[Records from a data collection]
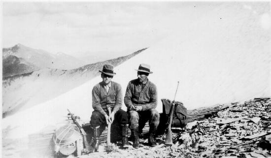 Two unidentified men on a mountain. One photograph : b&w ; 2.75 x 4.25 inches. Original. From collection Wp-99-144.
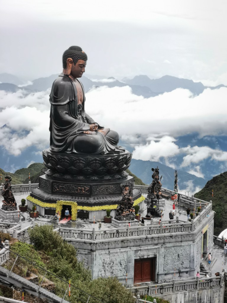 Ainsi je peux admirer le gigantesque Buddha de bronze, une statue de 21,5 mètres de haut inaugurée en 2019 à 3075 mètres d’altitude, qui elle aussi est entrée dans le livre Guiness des records mondiaux.
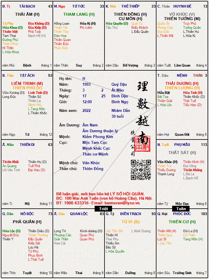 Thathu đã viết: 00:49, 06/04/22 Kính nhờ bác @dunglanchin xem lá số tử vi của cháu với ạ. Bác có thể nói cho cháu biết về cubg tài bạch và cubg quan lộc của cháu nói lên điều gì dc không ạ. Và cung thê nữa, vợ cháu sẽ là người như thế nào, cháu sẽ kết hôn vào năm nào ạ. Cháu cảm ơn bác.
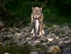 狼、川で鮭をとる
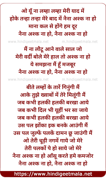 naina ashq na ho, naina ashq na ho
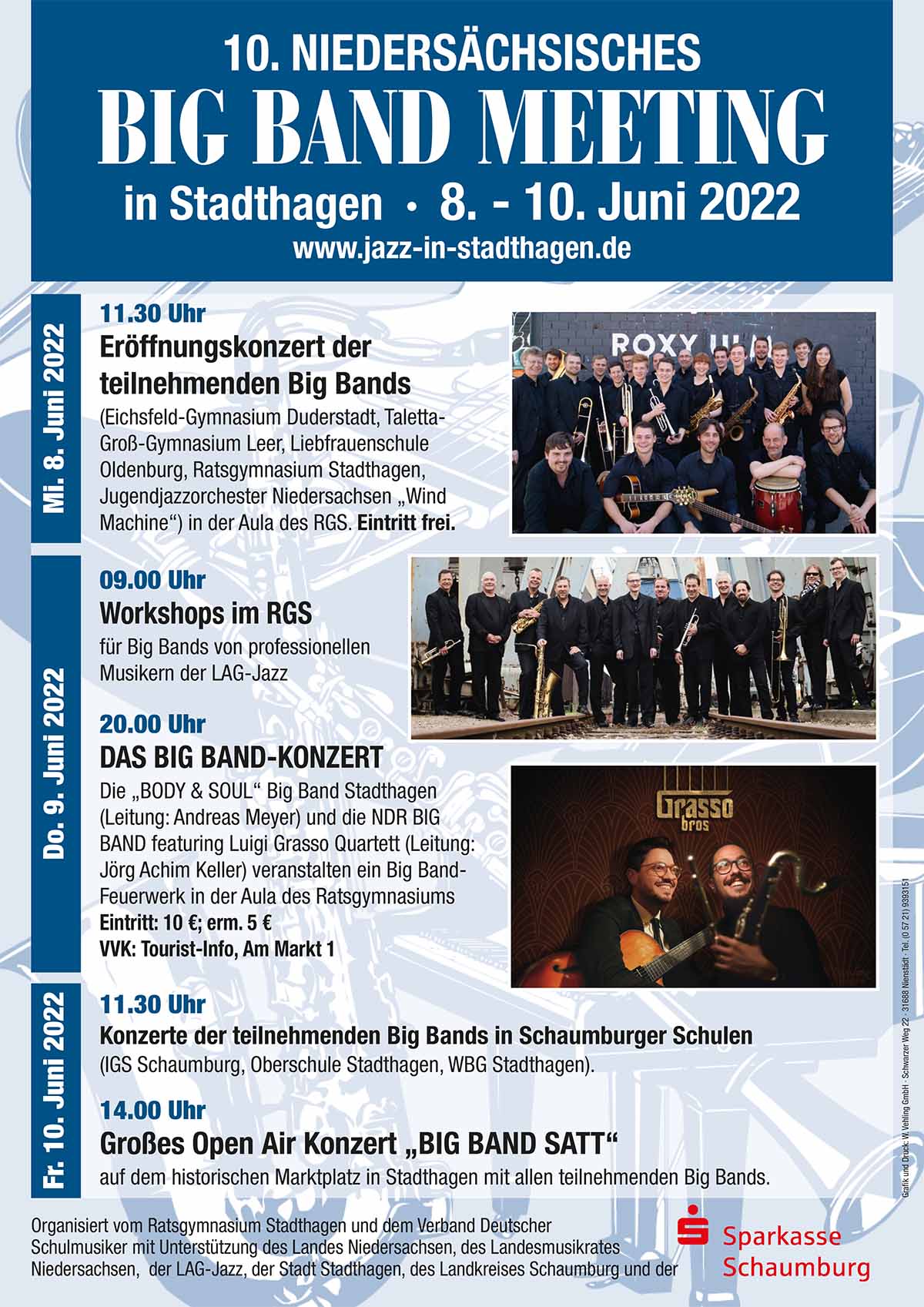 Das Ratsgymnasium Stadthagen präsentiert mit der Unterstützung des VDS-Niedersachsen, des Landes Niedersachsen, des Landesmusikrates Niedersachsen, der LAG Jazz Hannover und der Sparkasse Schaumburg vom 8. – 10. Juni 2022 das 10. Niedersächsische Big Band-Meeting

(How to complete this task) Copy out the lines above unchanged. Skip the images.

(Your response)
 Two unidentified men on a mountain. One photograph : b&w ; 2.75 x 4.25 inches. Original. From collection Wp-99-144.
 Ainsi je peux admirer le gigantesque Buddha de bronze, une statue de 21,5 mètres de haut inaugurée en 2019 à 3075 mètres d’altitude, qui elle aussi est entrée dans le livre Guiness des records mondiaux.
 Thathu đã viết: 00:49, 06/04/22 Kính nhờ bác @dunglanchin xem lá số tử vi của cháu với ạ. Bác có thể nói cho cháu biết về cubg tài bạch và cubg quan lộc của cháu nói lên điều gì dc không ạ. Và cung thê nữa, vợ cháu sẽ là người như thế nào, cháu sẽ kết hôn vào năm nào ạ. Cháu cảm ơn bác.
 狼、川で鮭をとる
 naina ashq na ho, naina ashq na ho
 Das Ratsgymnasium Stadthagen präsentiert mit der Unterstützung des VDS-Niedersachsen, des Landes Niedersachsen, des Landesmusikrates Niedersachsen, der LAG Jazz Hannover und der Sparkasse Schaumburg vom 8. – 10. Juni 2022 das 10. Niedersächsische Big Band-Meeting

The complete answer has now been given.